French Roman Catholic cardinal

Alexis-Armand Charost (14 November 1860 – 7 November 1930) was a French cardinal of the Catholic Church. He served as Archbishop of Rennes from 1921 until his death, and was elevated to the cardinalate in 1922.

==Biography==
Alexis Charost was born in Le Mans, and studied at the seminary in Le Mans, Pontifical French Seminary in Rome, and Catholic University of Angers. He was ordained to the priesthood on 19 May 1883, and then taught at the collège Sainte-Croix of Le Mans until 1892. Charost served as director of the Internship of Notre Dame de la Couture in Le Mans from 1892 to 1894, whence he became secretary to Archbishop Guillaume Labouré. He was later made titular canon of the cathedral chapter of Rennes in 1899, and vicar general and director of secondary studies of the same in 1909.

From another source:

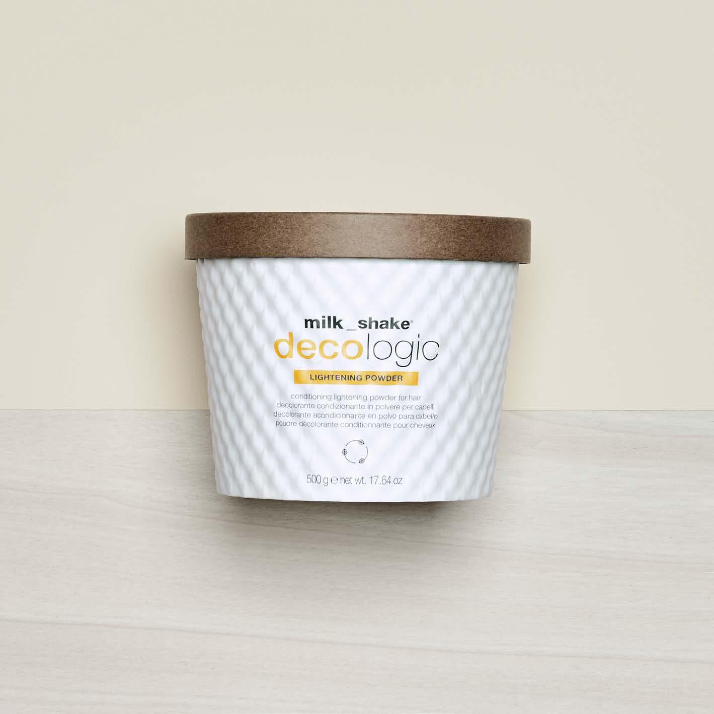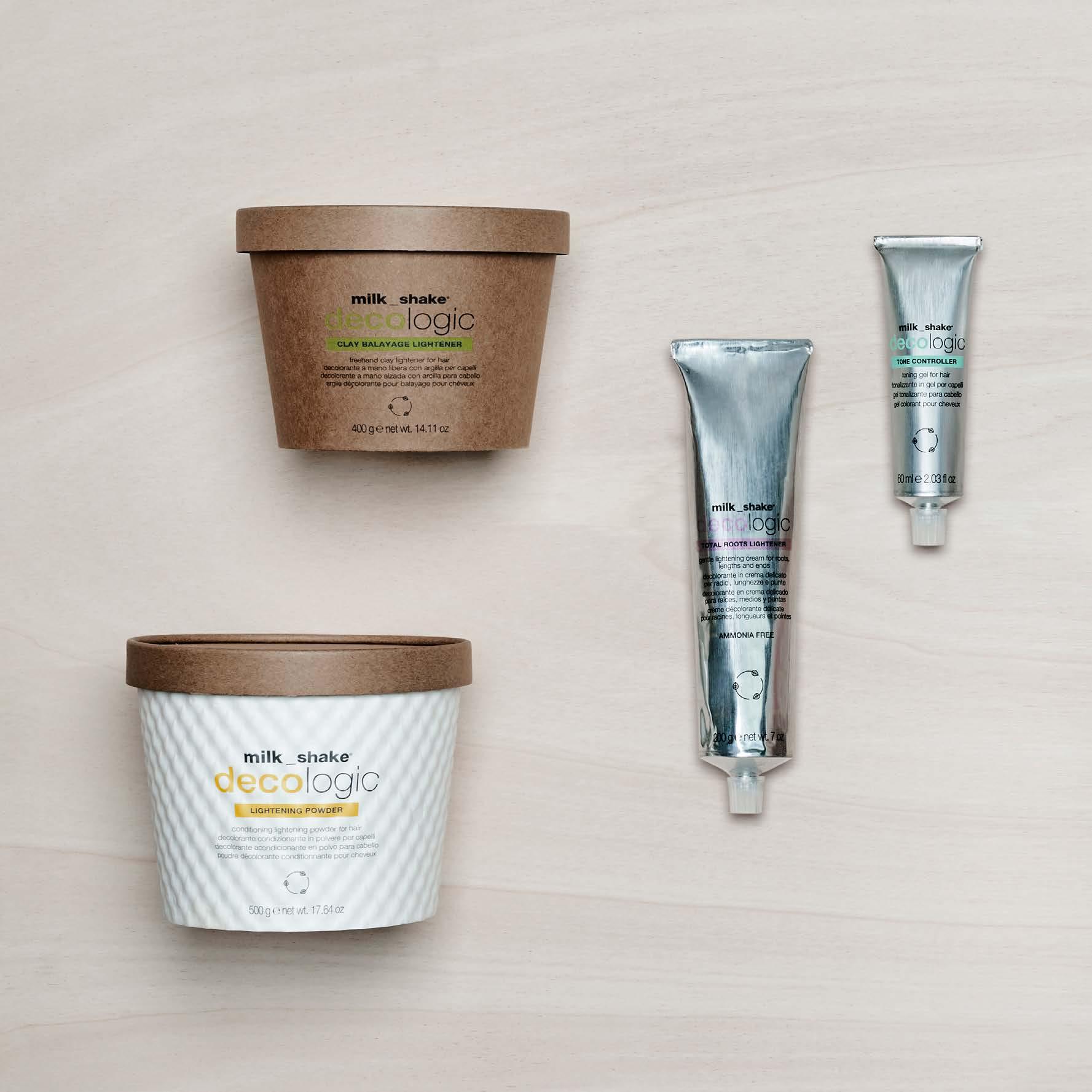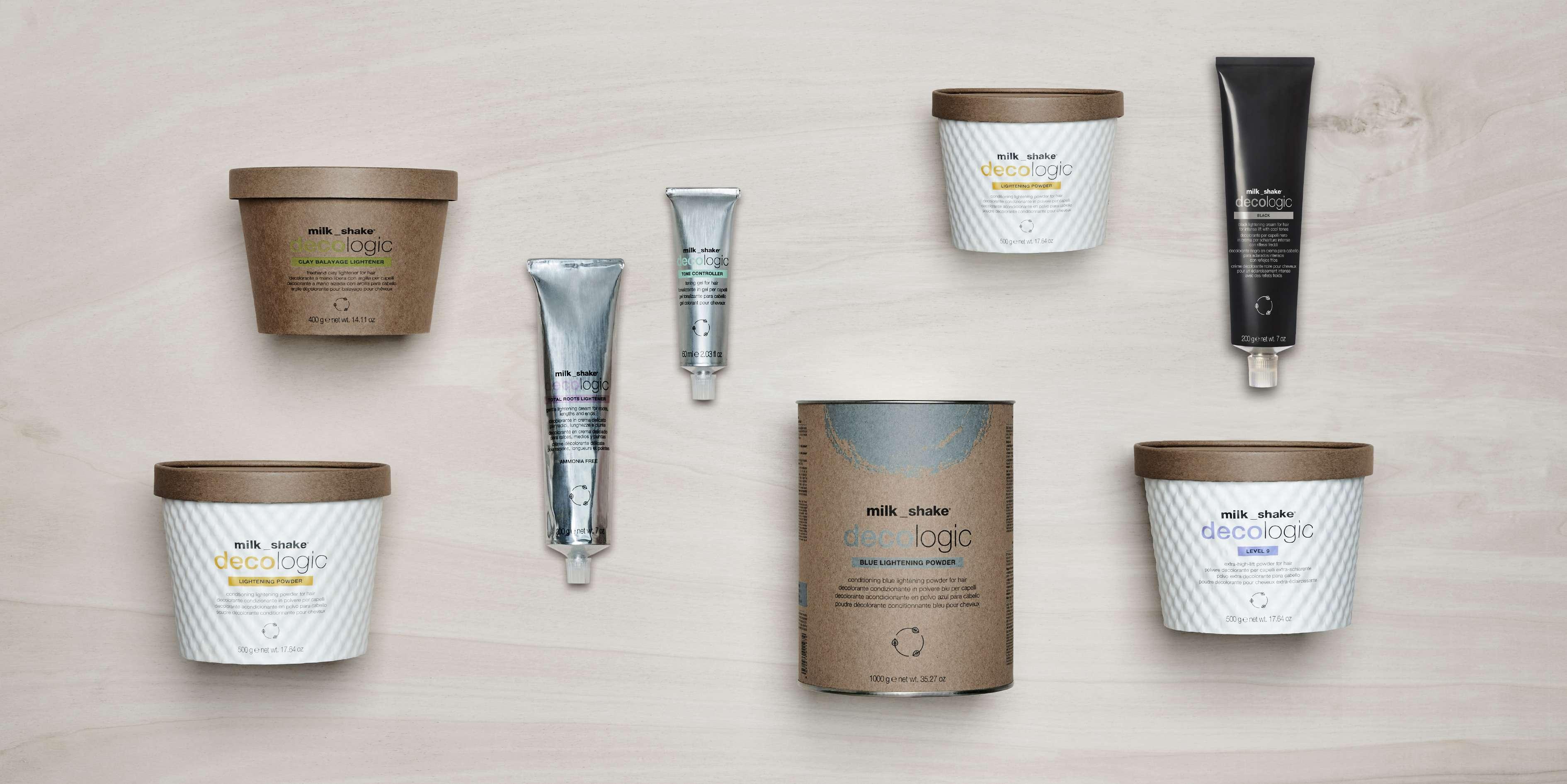 milk_shake® decologic is a complete range of lightening products created through the know-how of z.one conceptTM research laboratories to offer a wide range of solutions for in-salon lightening and toning services

On 14 February 1913, Charost was appointed auxiliary bishop of Cambrai and titular bishop of Milopotamus by Pope Pius X. He received his episcopal consecration on the following 13 May from Archbishop Auguste Dubourg, with Bishops François-Marie-Joseph Delamaire and Olivier de Durfort de Civbac serving as co-consecrators, in the metropolitan cathedral of Rennes.

Charost was later named the first Bishop of Lille on 21 November of that same year, and served as acting chancellor of Lille Catholic University in 1915, rising to become full chancellor in 1919. During World War I, he encouraged the Catholics under his jurisdiction to practice passive resistance against the German Empire, who had occupied Lille; the bishop also protested the Germans' actions to Cardinal Felix von Hartmann. On 15 June 1920, he was promoted to coadjutor archbishop of Rennes and titular archbishop of Chersonesus in Zechia. Charost later succeeded Cardinal Dubourg as Archbishop of Rennes upon the latter's death on 22 September 1921.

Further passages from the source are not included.